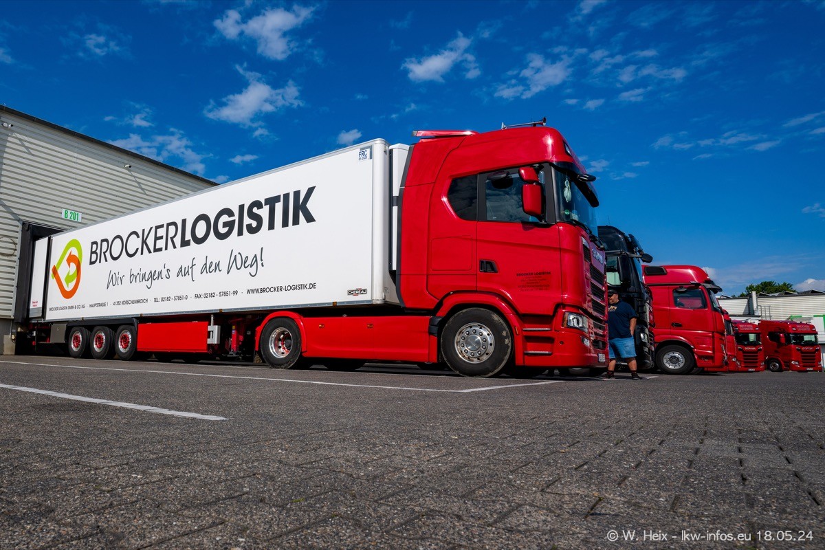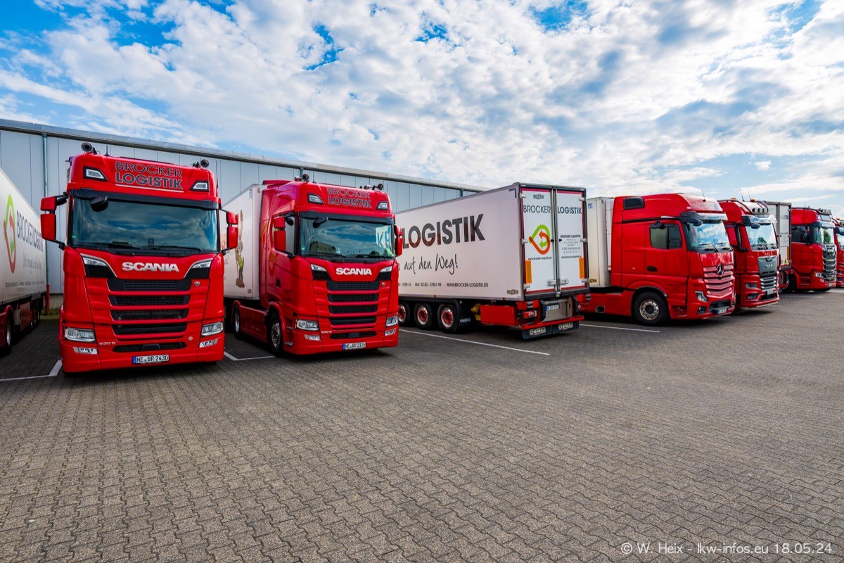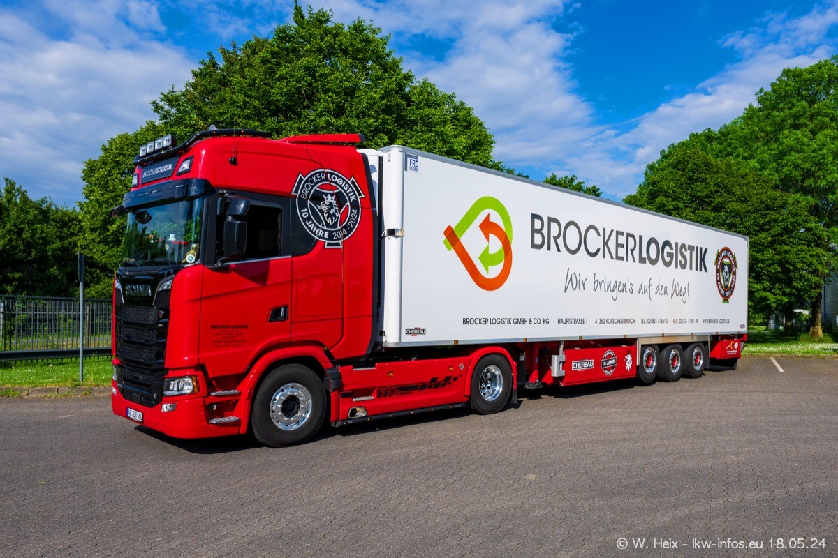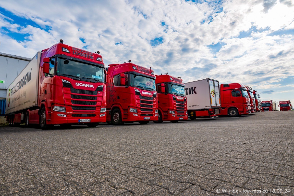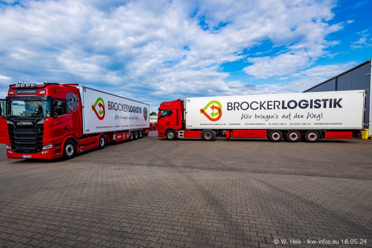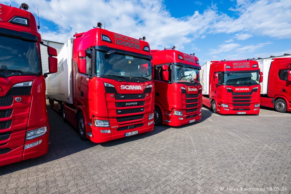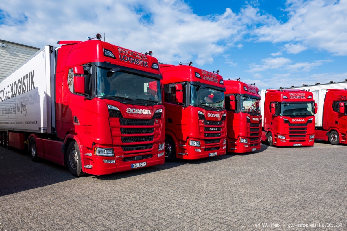 Nach über fünf Jahren war ich wieder bei Brocker Logistik in Korschenbroich. Diesmal wurde ich zu einem kleinen Fotoshooting eingeladen. Am späten Samstag Nachmittag war fast der komplette Fuhrpark zuhause. Das sind aktuell 38 LKW. Zwei fehlten. Zum 10-jährigen Firmenjubiläum wurde im März ein SCANIA 660 S V8 NextGen gekauft. Dieser ist etwas aufwändiger gestaltet als der restliche Fuhrpark, der sich aber auch sehen lassen kann. Auf dem weitläufigen Gelände gab es genug schöne Plätze für dieses kleine Fotoshooting.
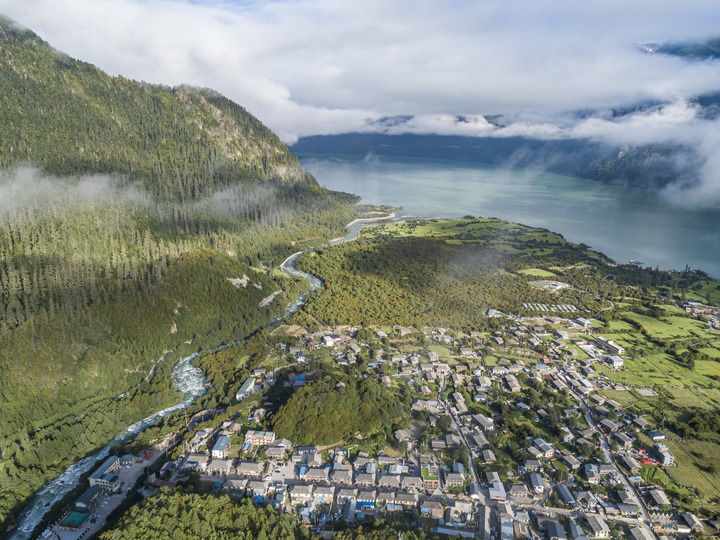這是2023年7月20日拍攝的西藏林芝市工布江達(dá)縣錯高鄉(xiāng)結(jié)巴村景色(無人機(jī)照片)。新華社記者 孫非 攝
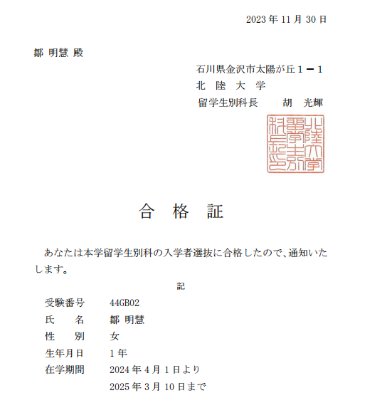 近日,我校接到日本北陆大学下发的录取通知,我校日语专业2021级学生邹明慧、黄代杰经过北陆大学的笔试、面试,顺利被该大学录取。两名学生将于2024年4月赴日本北陆大学留学深造,成为我校首批派往海外高校联合培养的学生。两名学生均是我校日语专业优秀学生,通过不断的练习和实践努力提高自己的语言表达能力,建立了坚实的语言基础,最终凭借自身扎实的知识储备和良好的文化素养顺利考取北陆大学,为我校赢得了荣誉。其中,邹明慧同学此前顺利通过日本语N2能力测试,根据北陆大学奖学金政策,在学期间每年将获得北陆大学颁发的20万日元奖学金(约人民币9,600元)。
# # #
• How to complete this task: Give the data again exactly. Keep the images out.

• Exercise output:
 Nach über fünf Jahren war ich wieder bei Brocker Logistik in Korschenbroich. Diesmal wurde ich zu einem kleinen Fotoshooting eingeladen. Am späten Samstag Nachmittag war fast der komplette Fuhrpark zuhause. Das sind aktuell 38 LKW. Zwei fehlten. Zum 10-jährigen Firmenjubiläum wurde im März ein SCANIA 660 S V8 NextGen gekauft. Dieser ist etwas aufwändiger gestaltet als der restliche Fuhrpark, der sich aber auch sehen lassen kann. Auf dem weitläufigen Gelände gab es genug schöne Plätze für dieses kleine Fotoshooting.
這是2023年7月20日拍攝的西藏林芝市工布江達(dá)縣錯高鄉(xiāng)結(jié)巴村景色(無人機(jī)照片)。新華社記者 孫非 攝
 近日,我校接到日本北陆大学下发的录取通知,我校日语专业2021级学生邹明慧、黄代杰经过北陆大学的笔试、面试,顺利被该大学录取。两名学生将于2024年4月赴日本北陆大学留学深造,成为我校首批派往海外高校联合培养的学生。两名学生均是我校日语专业优秀学生,通过不断的练习和实践努力提高自己的语言表达能力,建立了坚实的语言基础,最终凭借自身扎实的知识储备和良好的文化素养顺利考取北陆大学,为我校赢得了荣誉。其中,邹明慧同学此前顺利通过日本语N2能力测试,根据北陆大学奖学金政策,在学期间每年将获得北陆大学颁发的20万日元奖学金(约人民币9,600元)。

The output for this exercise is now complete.